De resultaten van de vaste inrichting maken dan deel uit van de algemene resultaten van de vennootschap in de lidstaat van het hoofdkantoor. In dubbelbelastingverdragen krijgt de gaststaat normaal de primaire heffingsbevoegdheid ter zake van de winsten van de vaste inrichting. De lidstaat van het hoofdkantoor heeft doorgaans slechts een secundaire heffingsbevoegdheid ter zake van deze winsten. De techniek die de lidstaten hanteren om dubbele belasting te voorkomen, hangt af van de keuze die zij hebben gemaakt tussen de twee in artikel 23 van de OESO-modelovereenkomst beschreven methoden (verrekening of vrijstelling) in hun dubbelbelastingverdragen met andere lidstaten.

9.

a) Verrekeningsmethode


Bij de verrekeningsmethode wordt het wereldinkomen in de woonstaat van de vennootschap in de belastingheffing betrokken. Buitenlandse belastingen worden in mindering gebracht op dat deel van de binnenlandse belasting dat over het in het buitenland belaste inkomen wordt geheven. De verrekeningsmethode functioneert dus op een wijze die vergelijkbaar is met de behandeling van verliezen van binnenlandse vestigingen. Alle verliezen worden in aanmerking genomen bij de vaststelling van het wereldinkomen.

10.

b) Vrijstellingsmethode …


Bij de vrijstellingsmethode worden buitenlandse inkomsten die in de bronstaat worden belast, doorgaans uitgesloten van de heffinggrondslag van het hoofdkantoor.

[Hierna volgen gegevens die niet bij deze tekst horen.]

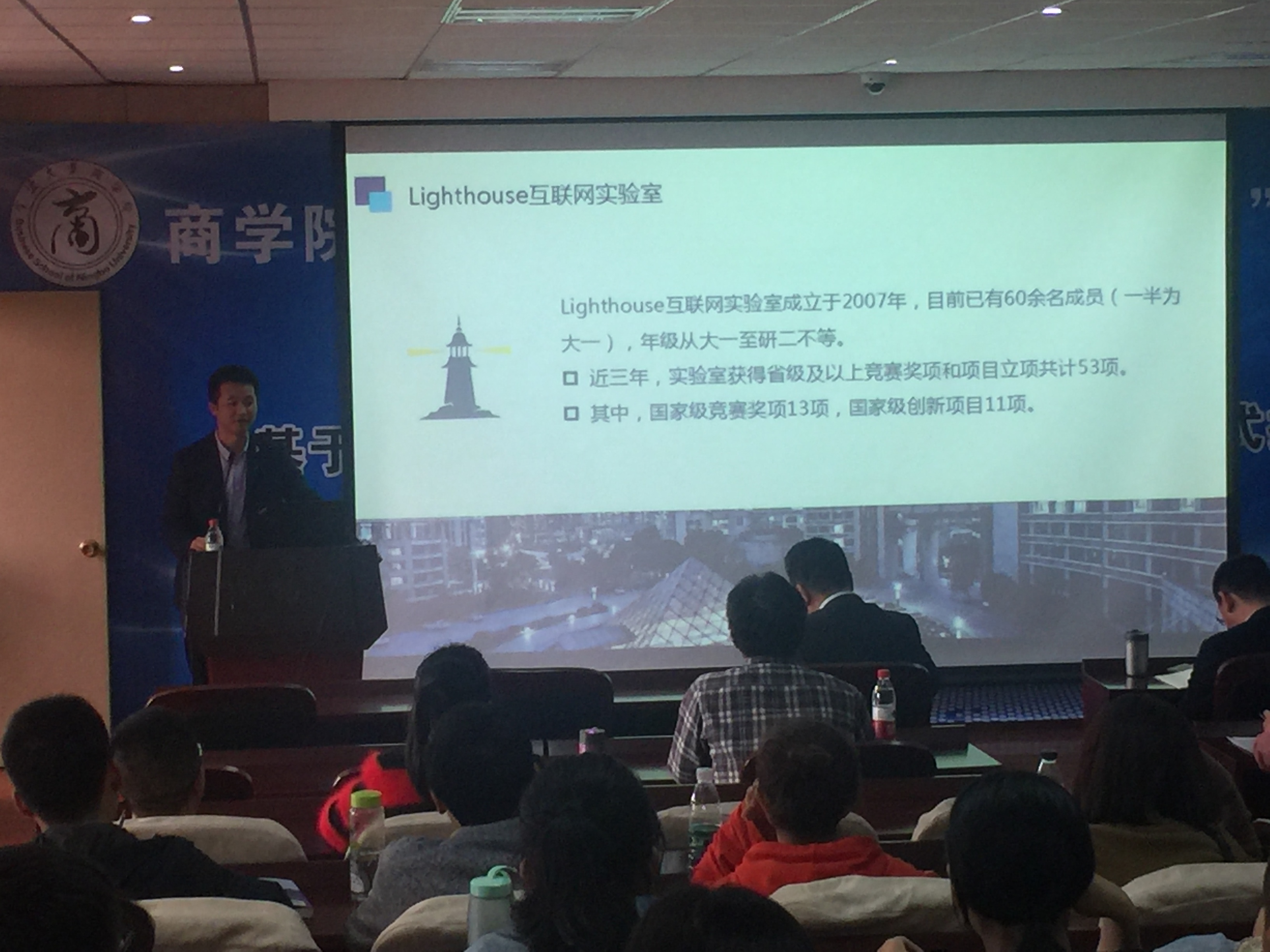项老师给老师们分享了他创办Lighthouse 互联网实验室及指导学生学科竞赛的成功经验,他还就如何走出学生培养的困境;如何有效的加强学生的专业知识培养;如何通过高年级与低年级之间的“传帮带”形成良性循环构建学科竞赛团队;提升课堂教学技能的关键点等方面给大家介绍了他的心得体会。

… zonder aftrek van verliezen

Aangezien de resultaten van een vaste inrichting niet in aanmerking worden genomen op het niveau van het hoofdkantoor, kunnen verliezen ook niet in mindering worden gebracht. Deze methode wordt door zeven lidstaten toegepast.

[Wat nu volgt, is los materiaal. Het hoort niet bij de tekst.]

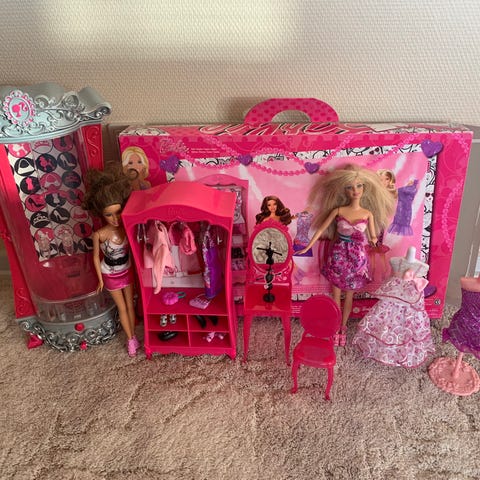 Sæt, hvor man kan lave tryk på sit eget tøj eller tøj til Barbie – der medfølger en bluse til Barbie, skabeloner, farve. Kun brugt én gang, så der er masser af farve tilbage. Instruktioner vedlagt.

… met (tijdelijke) aftrek van verliezen

Momenteel staan vijf lidstaten aftrek van verliezen van vaste inrichtingen in een andere lidstaat toe, ondanks het feit dat de winst is vrijgesteld. Deze verliezen worden ingehaald zodra de vaste inrichting opnieuw winstgevend wordt (wat de samenhang van het belastingstelsel waarborgt).

11.

2.3. Vrijheid van vestiging en verliezen binnen een vennootschap


Wanneer verliezen van vaste inrichtingen niet kunnen worden verrekend met winsten van het hoofdkantoor (“verticale opwaartse verliesverrekening”), is er sprake van een verschillende behandeling in vergelijking met een zuiver binnenlandse situatie. Dit maakt het minder interessant om het recht op vrijheid van vestiging uit te oefenen, waardoor een vennootschap kan besluiten geen vaste inrichting in een andere lidstaat op te zetten. Een dergelijk verschil in behandeling vormt een belemmering voor de vrijheid van vestiging, die bij artikel 43 EG is verboden. Het Hof heeft in de zaak- AMID uitdrukkelijk gesteld dat de situatie van een vennootschap met een vaste inrichting in het buitenland vergelijkbaar is met die van een vennootschap zonder een vaste inrichting in het buitenland i.

Om te voorkomen dat verliezen tweemaal worden verrekend, kan een beroep worden gedaan op een inhaalmechanisme. Terwijl in binnenlandse situaties verliezen automatisch worden ingehaald, moet in grensoverschrijdende situaties uitdrukkelijk in een inhaalmechanisme worden voorzien. Het feit dat vijf lidstaten dit al doen, toont aan dat een systeem met aftrek van verliezen en inhaal bij toekomstige winsten haalbaar is.

Het gevaar van belastingontwijking is zeer klein voor de verliezen van een vaste inrichting, omdat deze slechts op het niveau van het hoofdkantoor (“verticale opwaartse verliesverrekening”) in aanmerking worden genomen.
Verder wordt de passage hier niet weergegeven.